Segment Start: Input for this task
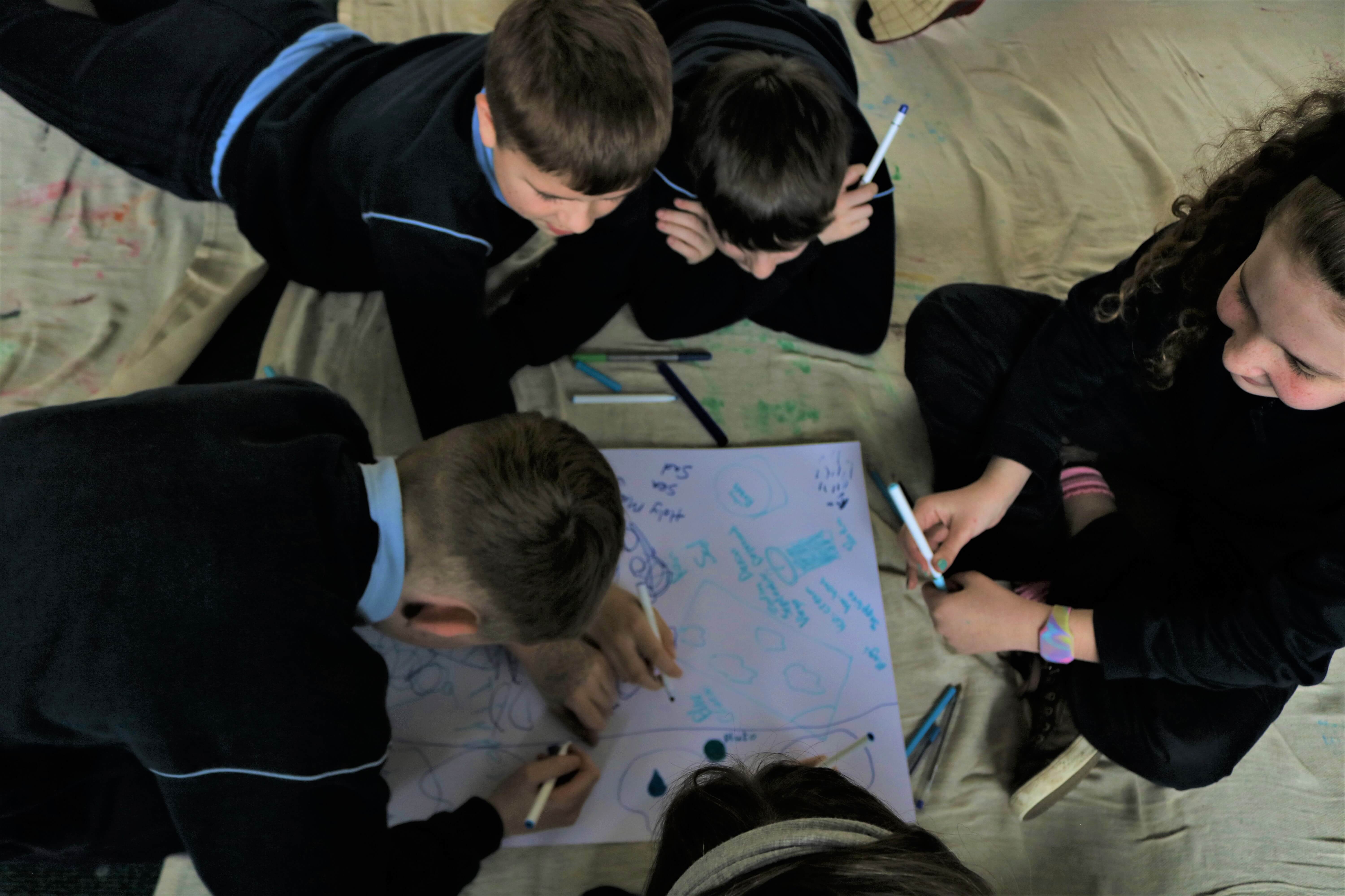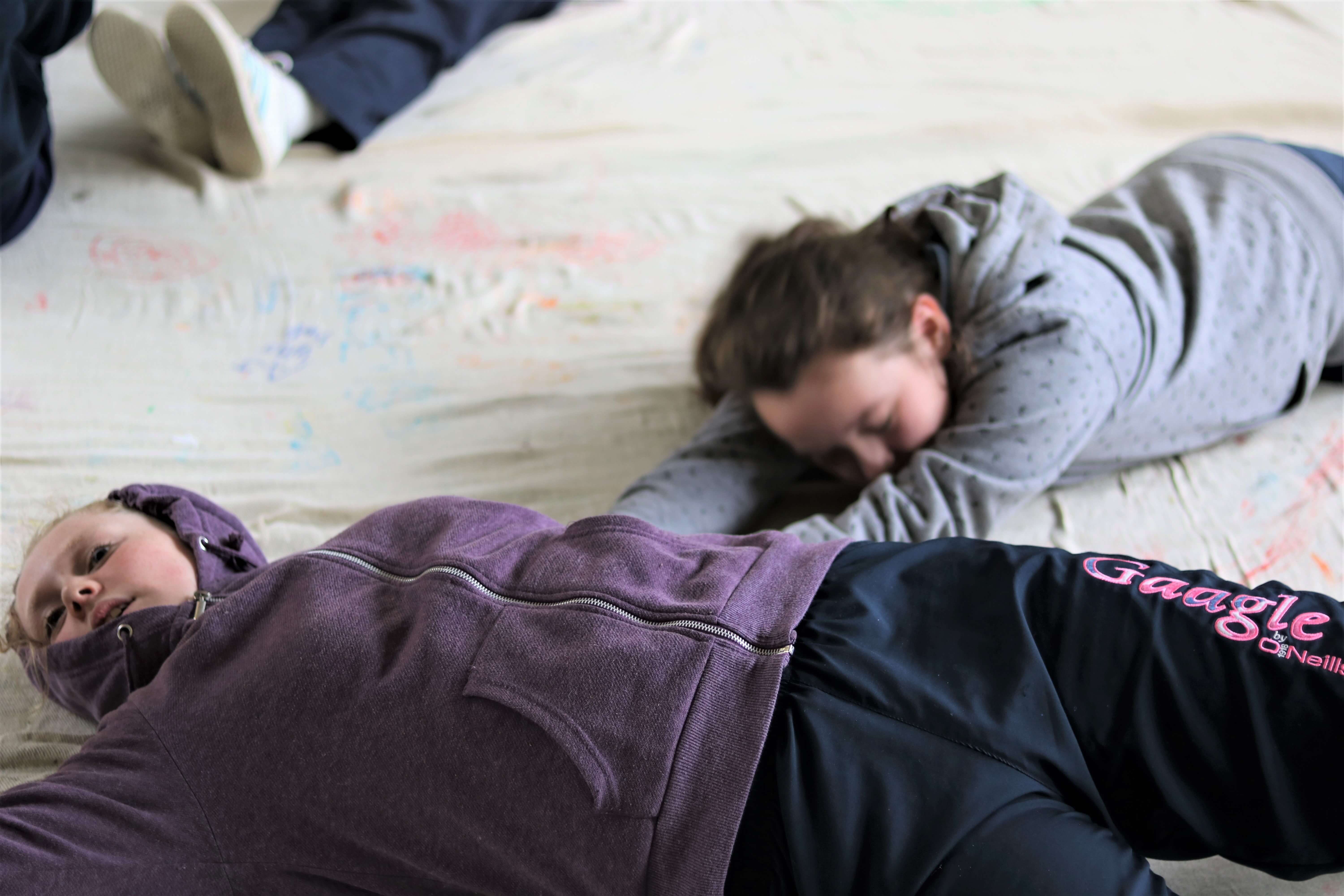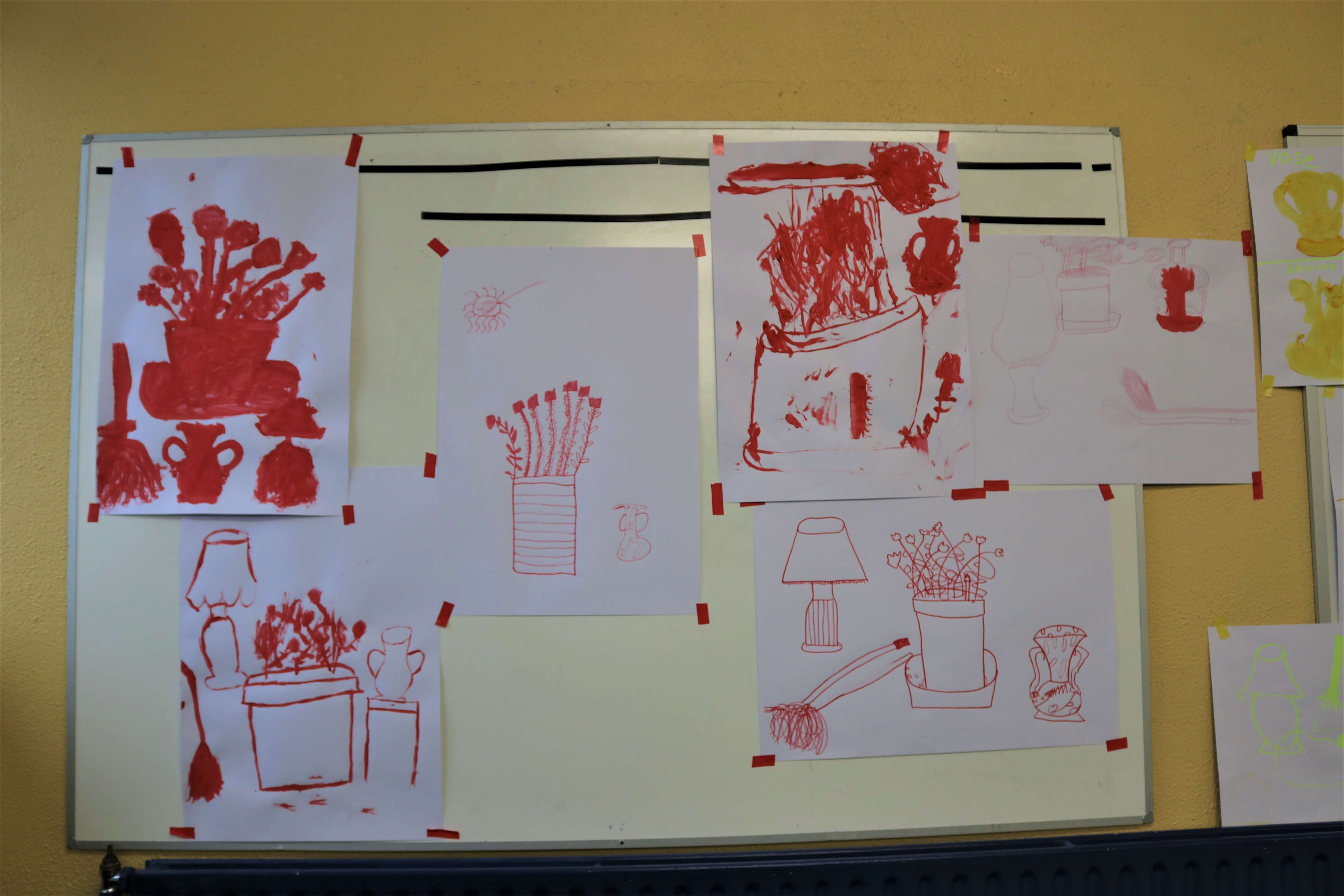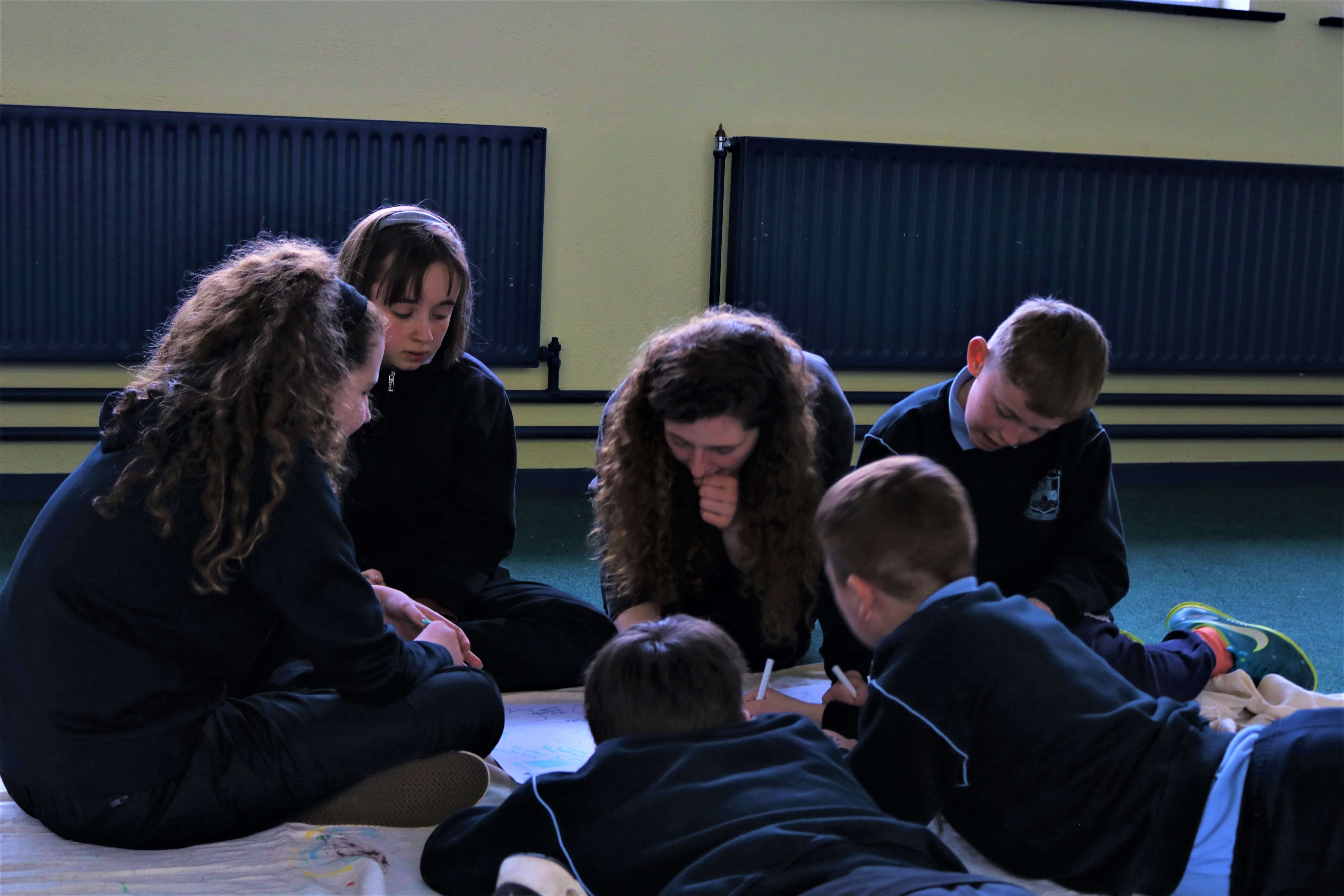The class began by looking, thinking and talking about Hannah's work. They talked about colour and associations what do certain colours mean to each of us? What do they remind us of, how do they effect us, do they trigger different emotions?
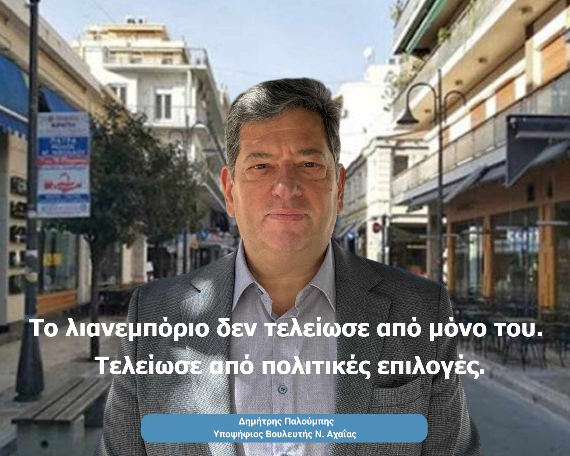 Σε άρθρο του ο υποψήφιος βουλευτής της Ελληνικής Λύσης στην Αχαϊα, Δημήτρης Παλούμπης, τονίζει, ότι: «Το λιανεμπόριο τελείωσε, όχι από μόνο του, αλλά από κυβερνητική επιλογή».
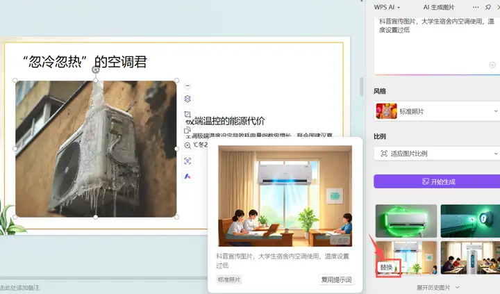 还可以通过【插入】------【图片】------【AI生成图片】,输入提示词,设置图片风格、比例,以便生成接近需求的图片。然后,选中PPT中的图片,再选择AI生成的图片,点击【替换】就可以替换原来PPT中的图片。
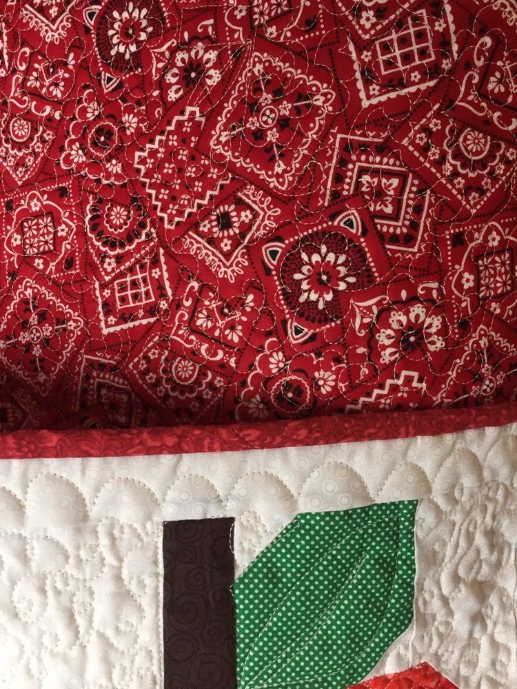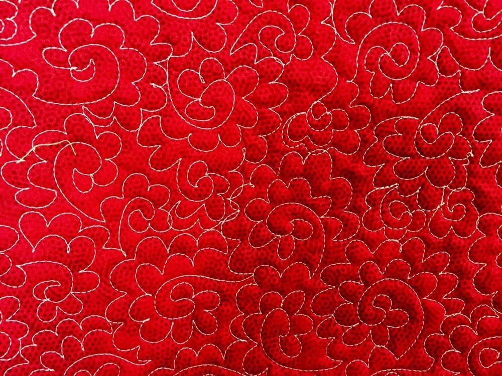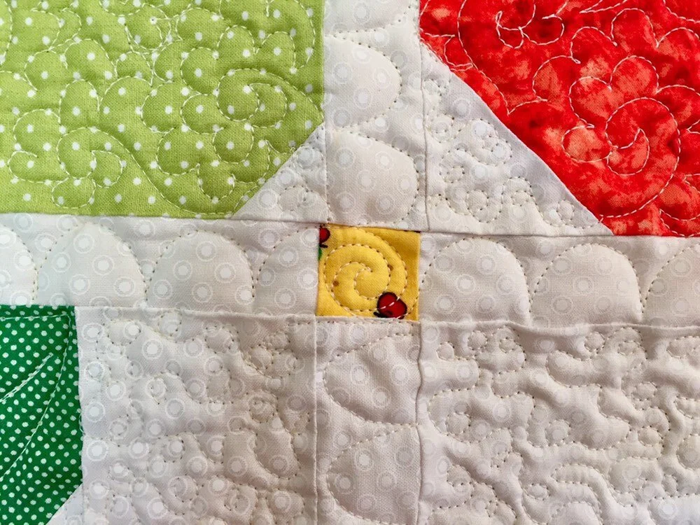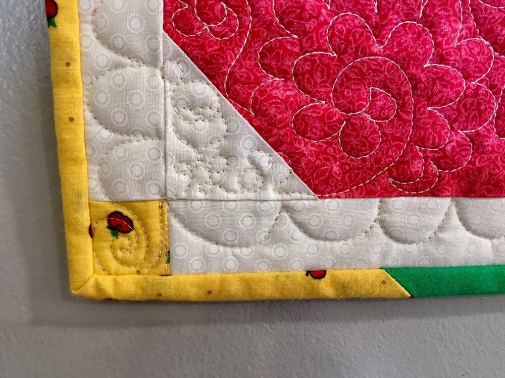 This handmade quilted wall-hanging or table-topper is made from cotton quilting fabric, cotton batting, and cotton thread. It is quilted with a variety of freehand designs including a floral loop, scallops, and loopy meander. White thread was used for quilting and the binding is machine-stitched onto the front, and hand-stitched on the back for a neat and clean finish. This would be a great gift for a teacher or to brighten up a kitchen!
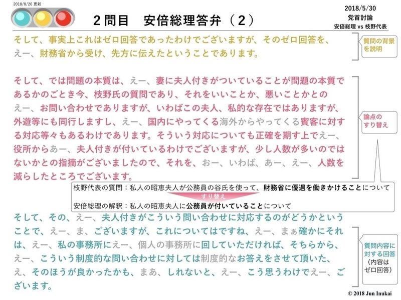 冒頭から中盤まで赤信号(=質問は加計に移ったのに森友の話を続ける)。
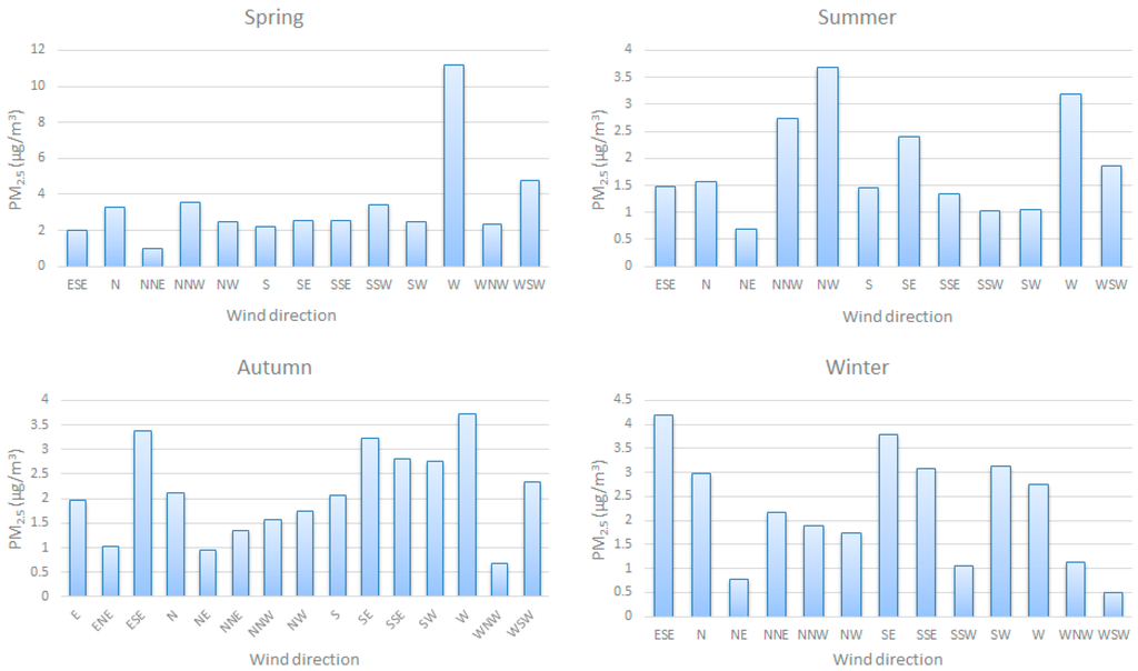 Wind direction is crucial to determine PM2.5 concentrations that result from pollutants by long range transport in Nagasaki. Pohjola et al. [17] has implied that PM10 concentrations originate mainly from local vehicular traffic (direct emissions and resuspension), while the PM2.5 concentrations are mostly of regionally- and long-range transported origin. The weighted PM2.5 values by wind speed were used to distinguish which direction brings the most pollutants from outside of the study area.
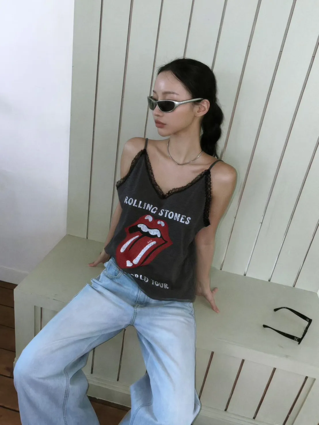 美式吐舌蕾絲背心
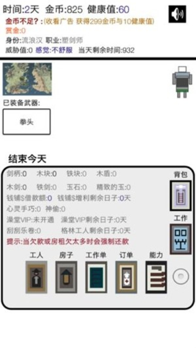 时运不济,你真的成了一名流浪汉,以前发生的事情就此翻篇,让我们重新开始新的生活吧!趁着还有力气,先找一份工作,目前能做的就是当食品工人或者看门的,食品工人每天赚10块钱,看门的半天赚7块钱,不过看门的有一定几率被老板逮到,被反扣5块。在你进入工作状态的时候什么都干不了,只能傻等着。
Segment End: Input for this task
◆ **Work item**: Verbatim copy without images: write the records above out in full.

◆ **Answer to the problem**:
The class began by looking, thinking and talking about Hannah's work. They talked about colour and associations what do certain colours mean to each of us? What do they remind us of, how do they effect us, do they trigger different emotions?
 Σε άρθρο του ο υποψήφιος βουλευτής της Ελληνικής Λύσης στην Αχαϊα, Δημήτρης Παλούμπης, τονίζει, ότι: «Το λιανεμπόριο τελείωσε, όχι από μόνο του, αλλά από κυβερνητική επιλογή».
 还可以通过【插入】------【图片】------【AI生成图片】,输入提示词,设置图片风格、比例,以便生成接近需求的图片。然后,选中PPT中的图片,再选择AI生成的图片,点击【替换】就可以替换原来PPT中的图片。
 This handmade quilted wall-hanging or table-topper is made from cotton quilting fabric, cotton batting, and cotton thread. It is quilted with a variety of freehand designs including a floral loop, scallops, and loopy meander. White thread was used for quilting and the binding is machine-stitched onto the front, and hand-stitched on the back for a neat and clean finish. This would be a great gift for a teacher or to brighten up a kitchen!
 冒頭から中盤まで赤信号(=質問は加計に移ったのに森友の話を続ける)。
 Wind direction is crucial to determine PM2.5 concentrations that result from pollutants by long range transport in Nagasaki. Pohjola et al. [17] has implied that PM10 concentrations originate mainly from local vehicular traffic (direct emissions and resuspension), while the PM2.5 concentrations are mostly of regionally- and long-range transported origin. The weighted PM2.5 values by wind speed were used to distinguish which direction brings the most pollutants from outside of the study area.
 美式吐舌蕾絲背心
 时运不济,你真的成了一名流浪汉,以前发生的事情就此翻篇,让我们重新开始新的生活吧!趁着还有力气,先找一份工作,目前能做的就是当食品工人或者看门的,食品工人每天赚10块钱,看门的半天赚7块钱,不过看门的有一定几率被老板逮到,被反扣5块。在你进入工作状态的时候什么都干不了,只能傻等着。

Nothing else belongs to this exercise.